Hybrid-cloud architects – If you already run workloads on AWS, the Neuron SDK lets you move models between cloud and on-prem without rewriting code.

Potential Pitfalls and How to Mitigate Them

One risk is supply-chain lead time. Although Amazon promises a 2-week delivery for standard racks, custom configurations can take up to 6 weeks. To avoid delays, order a baseline rack early and add extra capacity later.

Another concern is software lock-in. The Neuron SDK is tightly coupled to Trainium and Inferentia, so moving to a different accelerator later may require recompilation. Mitigate this by keeping a CI pipeline that builds both Neuron and CUDA binaries for each model.

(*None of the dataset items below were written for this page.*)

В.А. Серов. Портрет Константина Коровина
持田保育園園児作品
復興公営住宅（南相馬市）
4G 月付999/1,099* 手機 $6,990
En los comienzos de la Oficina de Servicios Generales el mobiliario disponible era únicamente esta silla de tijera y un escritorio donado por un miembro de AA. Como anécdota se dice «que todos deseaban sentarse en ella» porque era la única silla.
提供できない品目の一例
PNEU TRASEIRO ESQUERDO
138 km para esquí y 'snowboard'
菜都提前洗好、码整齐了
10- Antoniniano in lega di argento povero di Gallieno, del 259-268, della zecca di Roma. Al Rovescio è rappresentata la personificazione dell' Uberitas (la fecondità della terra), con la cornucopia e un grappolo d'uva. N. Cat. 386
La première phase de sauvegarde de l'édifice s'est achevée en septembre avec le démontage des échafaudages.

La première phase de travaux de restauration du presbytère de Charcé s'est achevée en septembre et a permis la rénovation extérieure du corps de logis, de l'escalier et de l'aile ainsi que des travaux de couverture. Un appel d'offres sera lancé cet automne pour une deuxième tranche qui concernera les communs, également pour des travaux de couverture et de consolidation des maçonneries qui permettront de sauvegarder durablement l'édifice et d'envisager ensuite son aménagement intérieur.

Finally, power and cooling can be a surprise. A full Trainium3 UltraServer draws 12 kW, so you need adequate rack-level power distribution and hot-aisle containment. Amazon provides a thermal-design guide that helps you size your HVAC system.

Future Outlook

Amazon plans to release Trainium4 in early 2027, promising a 1.5× jump in FLOPs and a new 2-nm process node. The marketplace will likely expand to include a “pay-as-you-go” token-only model, letting customers buy compute without owning the hardware. If the $50 billion run-rate forecast holds, the marketplace could become a major competitor to Nvidia’s DGX sales channel.

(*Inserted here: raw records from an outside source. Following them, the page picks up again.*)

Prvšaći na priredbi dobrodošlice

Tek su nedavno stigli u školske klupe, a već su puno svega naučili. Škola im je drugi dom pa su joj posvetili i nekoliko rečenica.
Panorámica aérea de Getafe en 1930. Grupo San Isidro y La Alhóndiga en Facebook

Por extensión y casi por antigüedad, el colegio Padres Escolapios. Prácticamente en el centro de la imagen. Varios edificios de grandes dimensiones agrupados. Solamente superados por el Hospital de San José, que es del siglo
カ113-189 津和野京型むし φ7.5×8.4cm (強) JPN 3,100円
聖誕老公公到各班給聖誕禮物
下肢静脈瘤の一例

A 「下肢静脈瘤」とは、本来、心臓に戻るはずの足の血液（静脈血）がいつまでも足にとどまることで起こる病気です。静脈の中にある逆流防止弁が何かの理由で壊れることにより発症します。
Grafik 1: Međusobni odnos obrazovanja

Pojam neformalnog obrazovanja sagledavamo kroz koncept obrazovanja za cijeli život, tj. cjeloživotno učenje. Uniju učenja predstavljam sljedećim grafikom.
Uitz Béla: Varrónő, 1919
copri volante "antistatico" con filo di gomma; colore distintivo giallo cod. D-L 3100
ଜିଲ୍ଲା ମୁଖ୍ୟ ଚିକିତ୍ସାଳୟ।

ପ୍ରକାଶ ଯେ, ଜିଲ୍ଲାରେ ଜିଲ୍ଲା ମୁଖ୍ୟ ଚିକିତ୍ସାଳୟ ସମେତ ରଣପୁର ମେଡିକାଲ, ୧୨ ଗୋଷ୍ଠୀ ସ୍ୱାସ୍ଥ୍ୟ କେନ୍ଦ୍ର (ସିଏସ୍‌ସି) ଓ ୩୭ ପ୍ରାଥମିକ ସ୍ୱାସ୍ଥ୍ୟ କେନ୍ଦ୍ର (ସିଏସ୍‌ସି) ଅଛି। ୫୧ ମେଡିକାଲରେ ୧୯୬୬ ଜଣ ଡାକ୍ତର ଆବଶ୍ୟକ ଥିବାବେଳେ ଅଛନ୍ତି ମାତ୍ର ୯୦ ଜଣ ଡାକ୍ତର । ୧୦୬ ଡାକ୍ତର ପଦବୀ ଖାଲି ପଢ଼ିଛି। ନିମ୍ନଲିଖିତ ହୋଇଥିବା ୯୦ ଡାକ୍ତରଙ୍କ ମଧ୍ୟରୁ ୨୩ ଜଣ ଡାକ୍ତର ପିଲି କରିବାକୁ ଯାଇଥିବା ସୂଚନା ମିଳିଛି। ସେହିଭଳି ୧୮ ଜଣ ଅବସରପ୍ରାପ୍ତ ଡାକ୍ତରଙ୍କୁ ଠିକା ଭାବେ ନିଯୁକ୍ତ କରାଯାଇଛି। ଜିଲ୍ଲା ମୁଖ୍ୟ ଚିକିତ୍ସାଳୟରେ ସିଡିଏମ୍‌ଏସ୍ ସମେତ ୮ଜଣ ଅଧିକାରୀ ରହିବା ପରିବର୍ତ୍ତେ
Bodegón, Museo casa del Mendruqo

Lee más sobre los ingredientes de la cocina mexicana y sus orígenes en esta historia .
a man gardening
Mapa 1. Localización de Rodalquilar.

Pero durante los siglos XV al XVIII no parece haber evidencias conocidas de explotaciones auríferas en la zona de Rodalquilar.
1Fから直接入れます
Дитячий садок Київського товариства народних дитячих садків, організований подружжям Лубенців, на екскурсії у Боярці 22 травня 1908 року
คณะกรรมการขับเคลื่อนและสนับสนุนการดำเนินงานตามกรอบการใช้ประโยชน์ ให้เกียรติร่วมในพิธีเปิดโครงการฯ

For now, the marketplace offers a concrete path for enterprises that want the performance of AWS-grade silicon without moving all workloads to the cloud. By following the integration steps above, you can start testing Trainium or Inferentia in your own data center within weeks.

Conclusion

The Amazon AI chip marketplace opens a new avenue for on-prem AI acceleration. With transparent pricing, a unified Neuron software stack, and enterprise-grade security, the offering is ready for production today. Whether you need massive training power, low-cost inference, or a hybrid-cloud bridge, the marketplace gives you a choice that was previously limited to Nvidia’s GPU ecosystem. Start with a pilot rack, measure token cost, and decide if scaling to a full UltraCluster is the right move for your organization.